Mr. Supportive Husband didn’t answer because he had turned the shower on and couldn’t hear me.

So, anyway, I was all prepared to meet Mr. Collins after the reading. I clutched his books tightly in my hands. The crowd was big but probably all those college kids hadn’t bought any of his books yet and they’d have to go to the other line to buy books first and I could run up and get a signature lickety-split after the last ovation.

Billy read two of my favorite poems, “The Trouble with Poetry” and “The Lanyard.” He also read “Forgetfulness,” which is famous. He did not, however, read my all-time favorite, “The Introduction.” That’s OK, because I had my books with me and could sneak a peek at that one so it didn’t feel left out. Yes, I did stoop to the very corny action of reading along with him sometimes. It was interesting because sometimes he added a tiny word here and there or swapped words around. It gave me some good ideas for when I have my own reading someday. (Maybe I’ll invite my new friend Billy Collins when I do.)

So after it was over I got all ready to race up there and get a signature and a handshake—only all those students weren’t so dumb after all and had already bought their books and made a really long line. I looked at that line and decided that my books probably didn’t need a signature after all. In the end, Billy had to make do with a friendly wave from me and not the precious advice I had planned for him after all. I think he’ll get over it.

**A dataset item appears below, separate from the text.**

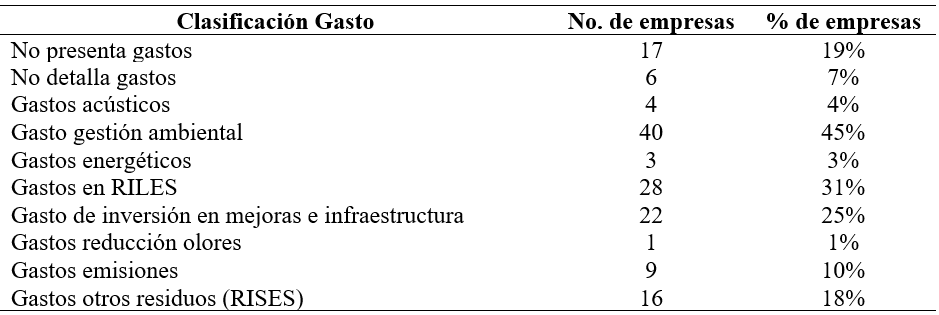 De la Tabla 5 cabe señalar que, respecto a los datos arrojados en la recolección, se demuestra el interés de las empresas en realizar gestiones ambientales y en la peor calificación quien presenta gastos en reducción de olores, sólo una empresa. Además, son 6 las empresas que informan sobre gastos incurridos nombrando las operaciones realizadas, pero no indica el monto desembolsado, sin embargo, en el total de las empresas 17 presentan una nota explicativa señalando que no se incurrieron en gastos ya sea por su actividad o el gasto no haya sido relevante para llevarlo a resultado.

But our fantastic outing was not done—no, not at all. Because we were on BYU campus, one of my most favorite places on earth. Of COURSE we had to visit the bookstore to see if Angela’s book was in (not yet but soon!) and to buy chocolate-covered almonds (oops). And of COURSE we had to eat in the Cougareat, which bears no resemblance at all to the Cougareat I remember but that doesn’t matter since back then I could never afford to eat there anyway. So Ang and I sat there and tried to feel the intellectual vibes. I don’t know if we were pretending we were students or faculty (both of which we would enjoy), but it didn’t matter. We were there and I had my Navajo taco and all was right with the world.

I returned very happy and very tired from my big day. Poor husband had to be subjected to his own Billy Collins reading that night but he survived the ordeal very well. That’s the thing about Billy Collins—everyone can enjoy him. I hope my poetry can bring people joy like that, too.

P.S. I'm told that if you click on every single link in this post, after 30 days you'll get a check in the mail for $2000. But if you don't, a yak will dig up your tulip bulbs and your youngest child will forget he is toilet trained. I'm just passing along what I heard.